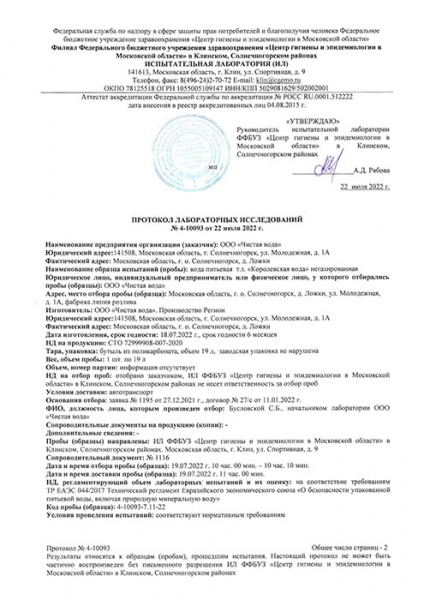По результатам лабораторных исследований, питьевая «Королевская вода» прошла проверку на соответствие требованиям качества и безопасности пищевой продукции.
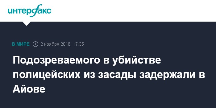 Москва. 2 ноября. INTERFAX.RU - Подозреваемого в убийстве двух полицейских из засады задержали в американском городе Де-Мойн (штат Айова). Об этом сообщает местный канал KCCI со ссылкой на представителя властей.
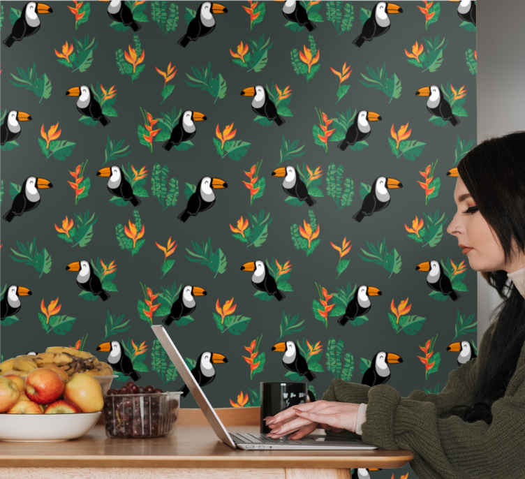 The Toucan Pattern birds wallpaper is the perfect choice for adding a pop of color and nature-inspired beauty to any room. Its vibrant toucan and tropical leaf design brings a sense of joy and liveliness to the space, creating a visually stunning focal point that is sure to impress. Whether you're looking to transform a bedroom, living room, or office, this wallpaper is a unique and stylish option that will infuse your space with tropical charm and avian elegance!

◇ ◇ ◇ ◇ ◇ ◇ ◇

Your objective :: Produce an exact copy of every line above, with the images left out.

Solution to this exercise ::
По результатам лабораторных исследований, питьевая «Королевская вода» прошла проверку на соответствие требованиям качества и безопасности пищевой продукции.
 Москва. 2 ноября. INTERFAX.RU - Подозреваемого в убийстве двух полицейских из засады задержали в американском городе Де-Мойн (штат Айова). Об этом сообщает местный канал KCCI со ссылкой на представителя властей.
 The Toucan Pattern birds wallpaper is the perfect choice for adding a pop of color and nature-inspired beauty to any room. Its vibrant toucan and tropical leaf design brings a sense of joy and liveliness to the space, creating a visually stunning focal point that is sure to impress. Whether you're looking to transform a bedroom, living room, or office, this wallpaper is a unique and stylish option that will infuse your space with tropical charm and avian elegance!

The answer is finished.